Suppose that one has two matrices $A$, $B$. Then
Prove that $$|AB - \lambda I| = |BA - \lambda I|,$$ where $|\cdot|$ denotes the determinant, $I$ - identity matrix and $\lambda \in \mathbb{C}$.
Note that $A$ and $B$ are not necessary invertible. For invertible matrices I easily found $$|AB - \lambda I| = |B(AB - \lambda I)B^{-1}| = |BA - \lambda I|.$$
I'm aware of three proofs. The first is the one you get by combining your argument with Marko's comment. The second is to show that $AB$ and $BA$ have the same non-zero eigenvalues with the same multiplicities. The third proof runs as follows.
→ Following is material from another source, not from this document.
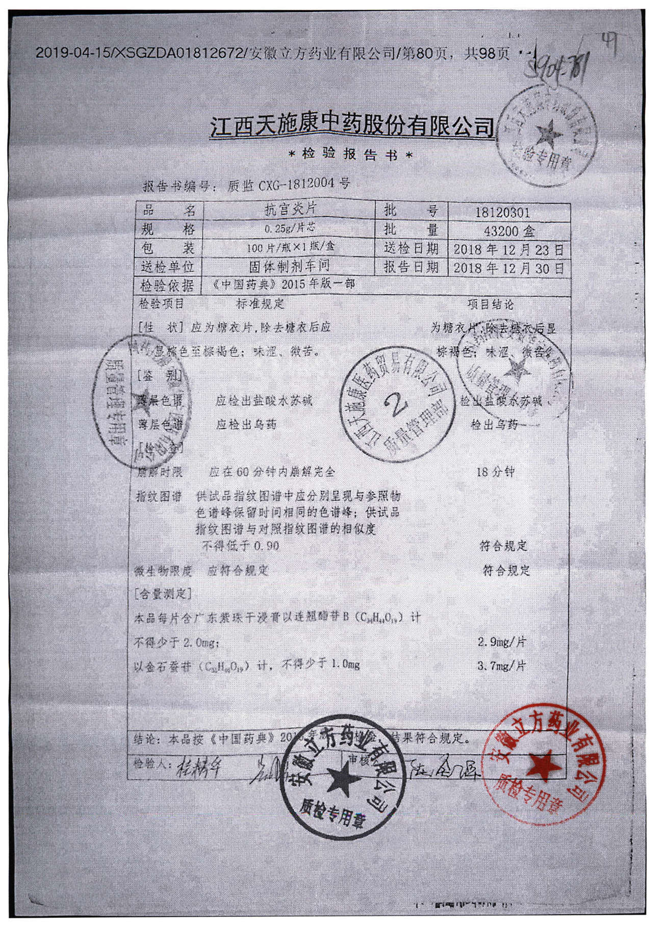 名稱 規(guī)格 批號(hào) 藥檢報(bào)告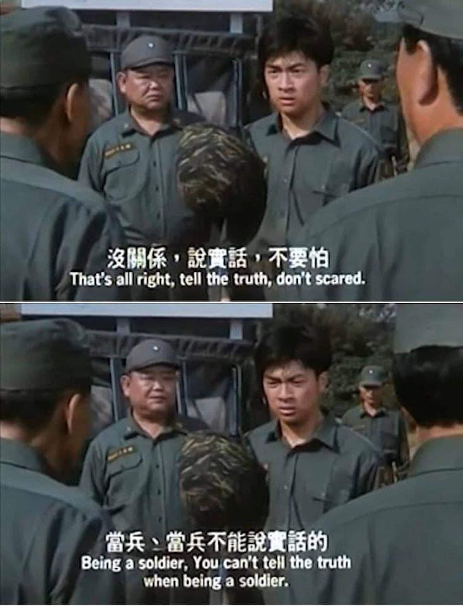 我們可以觀察到,軍事電影最一開始是屬於人民發聲的管道,從被官方審查,到成為官方宣傳的工具,背後的意涵往往皆與政治意識型態以及時局情勢無法脫勾,即便後來進入資本主義的現代社會,成本和票房成為電影指標,然而創作的風格依然與社會氛圍息息相關,甚至最終能成為代表的,無非還是揭露軍中陋習的橋段。

Set \[ M=\begin{pmatrix}I&A\\ B&I\end{pmatrix},\quad N=\begin{pmatrix}I&0\\-B&I\end{pmatrix} \] and then note that \[ MN=\begin{pmatrix}I-AB&A\\0&I\end{pmatrix},\quad NM=\begin{pmatrix}I&A\\0&I-BA\end{pmatrix}. \] Since $\det(MN)=\det(NM)$, the result follows.
One advantage of the third proof is that it works for matrices over a commutative ring.
There is an old-fashioned proof depending only on the properties of determinants and minors.
(i) In $\det(xI-X)$ the coefficient of $x^{n-k}$ is the sum of the principal $k\times k$ minors of $X$.
(ii) Let $X^{(k)}$ denote the matrix of $k\times k$ minors of $X$ for any square $X$. Then by a theorem sometimes called the Binet-Gauss Theorem we have that $(XY)^{(k)}=X^{(k)}Y^{(k)}$.
(iii) For any square matrices $X,Y$ we have $\text{tr}(XY)=\text{tr}(YX)$.
So the coefficient of $x^{n-k}$ in $\det(xI-AB)$ is $$\text{tr}((AB)^{(k)})=\text{tr}(A^{(k)}B^{(k)})$$ whereas the coefficient of $x^{n-k}$ in $\det(xI-BA)$ is $$\text{tr}((BA)^{(k)})=\text{tr}(B^{(k)}A^{(k)})$$ and these are equal.